The persistence of stigma, however, remains as such mainly because the actual cause of most mental illnesses remain a mystery to medical science.
Cultural anthropology arose as a reaction against the early evolutionary efforts in Europe to define humankind in biological terms…Anthropology challenges the mechanisms of exclusion- race, class, sex, and the institutionalization of the “insane”, for example”.
As further evidence of stigma’s mutability, Grinker points to several historical factors or patterns that have shaped the dynamics of the stigma of mental illnesses. For example, psychological impairment acquired new meaning in capitalism.
“The most stigmatized people tend to be those who do not conform to the ideal modern worker, the autonomous, self-reliant individual. In a country like the United States, with minimal hereditary distinctions, we place a high value on independence, social and economic mobility and self-sufficiency.”
But if capitalism can create mental health stigma, then changes to economic systems like Capitalism should, in theory, have the ability to affect stigma, says Grinker.Such changes are already underway.
“Today’s workers can be self-employed, work from home, work part-time, combine paid work with family care or volunteerism, interact virtually rather than in person, and even live with his or her parents.”
Such economic shifts have translated into new accommodations and greater access to previously marginalized (due to stigma) from education and employment opportunities.
Another historical pattern is war.
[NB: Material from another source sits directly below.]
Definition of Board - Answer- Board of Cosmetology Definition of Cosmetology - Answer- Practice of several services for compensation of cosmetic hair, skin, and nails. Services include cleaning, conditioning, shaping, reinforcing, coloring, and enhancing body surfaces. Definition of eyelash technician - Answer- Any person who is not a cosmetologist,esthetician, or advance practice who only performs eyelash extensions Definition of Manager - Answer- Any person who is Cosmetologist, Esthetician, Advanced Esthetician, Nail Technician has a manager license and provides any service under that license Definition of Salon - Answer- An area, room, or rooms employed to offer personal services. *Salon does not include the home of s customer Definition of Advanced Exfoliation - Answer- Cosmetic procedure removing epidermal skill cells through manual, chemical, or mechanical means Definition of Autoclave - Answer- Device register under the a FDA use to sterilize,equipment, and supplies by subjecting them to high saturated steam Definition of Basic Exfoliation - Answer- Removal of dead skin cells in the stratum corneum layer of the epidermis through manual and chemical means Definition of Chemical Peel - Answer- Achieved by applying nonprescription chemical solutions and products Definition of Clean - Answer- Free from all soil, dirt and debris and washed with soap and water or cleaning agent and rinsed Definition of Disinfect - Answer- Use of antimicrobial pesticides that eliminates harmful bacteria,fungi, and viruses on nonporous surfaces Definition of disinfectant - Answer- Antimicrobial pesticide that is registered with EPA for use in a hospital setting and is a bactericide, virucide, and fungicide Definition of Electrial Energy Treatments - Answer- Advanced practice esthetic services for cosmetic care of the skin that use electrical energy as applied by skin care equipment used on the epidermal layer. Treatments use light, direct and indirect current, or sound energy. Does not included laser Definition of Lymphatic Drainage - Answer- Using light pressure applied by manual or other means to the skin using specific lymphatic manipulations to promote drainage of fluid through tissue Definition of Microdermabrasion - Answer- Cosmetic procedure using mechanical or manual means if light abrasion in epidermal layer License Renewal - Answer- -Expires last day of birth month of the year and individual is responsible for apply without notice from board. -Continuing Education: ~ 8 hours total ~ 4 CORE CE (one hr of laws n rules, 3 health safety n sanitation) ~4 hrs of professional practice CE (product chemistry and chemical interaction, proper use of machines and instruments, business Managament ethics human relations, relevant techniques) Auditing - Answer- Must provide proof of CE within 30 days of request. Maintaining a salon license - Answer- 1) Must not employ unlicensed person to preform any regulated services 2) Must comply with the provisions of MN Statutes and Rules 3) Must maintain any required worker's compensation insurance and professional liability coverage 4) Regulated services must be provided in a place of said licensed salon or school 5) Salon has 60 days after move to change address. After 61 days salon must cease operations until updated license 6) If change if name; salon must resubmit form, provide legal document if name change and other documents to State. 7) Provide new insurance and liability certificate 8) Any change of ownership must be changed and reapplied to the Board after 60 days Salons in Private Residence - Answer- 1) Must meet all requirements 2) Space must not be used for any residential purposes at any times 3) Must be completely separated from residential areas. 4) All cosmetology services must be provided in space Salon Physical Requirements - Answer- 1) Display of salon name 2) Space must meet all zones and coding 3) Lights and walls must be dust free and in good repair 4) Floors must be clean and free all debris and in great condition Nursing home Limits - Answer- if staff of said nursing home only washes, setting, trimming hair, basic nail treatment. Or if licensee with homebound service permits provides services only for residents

World War I, World War II, The Korean War and the war in Vietnam, were to give rise to the disciplines of psychiatry and psychology.
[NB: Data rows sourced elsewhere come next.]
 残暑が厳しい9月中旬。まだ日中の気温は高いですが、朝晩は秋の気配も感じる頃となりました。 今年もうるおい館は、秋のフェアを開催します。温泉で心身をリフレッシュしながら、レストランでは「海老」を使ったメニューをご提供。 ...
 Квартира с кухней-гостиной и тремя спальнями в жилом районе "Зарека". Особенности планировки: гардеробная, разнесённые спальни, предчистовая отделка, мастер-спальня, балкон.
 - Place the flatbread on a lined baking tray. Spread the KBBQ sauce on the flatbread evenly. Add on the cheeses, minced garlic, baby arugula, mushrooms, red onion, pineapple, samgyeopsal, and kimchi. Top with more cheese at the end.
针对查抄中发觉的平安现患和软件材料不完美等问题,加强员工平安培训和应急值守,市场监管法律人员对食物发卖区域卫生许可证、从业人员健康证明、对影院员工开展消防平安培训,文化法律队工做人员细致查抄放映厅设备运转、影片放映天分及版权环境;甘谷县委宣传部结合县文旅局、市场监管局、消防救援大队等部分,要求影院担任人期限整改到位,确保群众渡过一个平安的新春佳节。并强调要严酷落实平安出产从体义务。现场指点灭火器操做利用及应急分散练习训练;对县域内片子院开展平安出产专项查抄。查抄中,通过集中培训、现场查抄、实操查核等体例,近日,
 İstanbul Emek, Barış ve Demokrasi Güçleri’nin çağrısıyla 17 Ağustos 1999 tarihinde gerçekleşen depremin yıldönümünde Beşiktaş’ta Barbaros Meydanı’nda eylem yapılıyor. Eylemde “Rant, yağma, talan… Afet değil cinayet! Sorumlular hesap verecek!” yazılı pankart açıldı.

“In wartime, psychiatric disturbances became an acceptable response to stress, whether inside or outside of combat. And because soldiers were, in effect, employed by the military, many of those who might have been unemployed and stigmatized in the civilian sector were integrated into a new community, their personality differences often muted by conformity to military structure.”
During the Second World War, for example, the commonality of mental illnesses in American society was exposed. There was also the recognition that more doctors needed to be trained as psychiatrists and the realization that mental illnesses were treatable outside of asylums and hospitals. It was this that prompted President Harry S. Truman to set up the National Institutes of mental Health (NIMH) while ordering the military to write a manual for the diagnosis of mental disorders Diagnostic and Statistical Manual of Mental Disorders.
As devastating and as costly in terms of lives lost and billions of US dollars spent, the armed conflicts in Afghanistan and Iraq were, they did help refocus on stigma of mental illness in the US and “efforts to eliminate barriers to mental health care have continued unabated”.
An increase in the medicalization of mental illness is yet another historical factor that has defined stigma. Such technical or scientific solutions hide or ignore the social origins of disease and stigma, says Grinker. Such separation assumes a separation of mind from body, and mind from the surroundings in which we inhabit.
“Who knows how many people who suffer from physical ailments could benefit from mental health care and yet do not seek treatment because they are convinced that bodily symptoms are unrelated to mind, and also because physical illnesses are more socially acceptable while mental illnesses are stigmatized,” writes Grinker.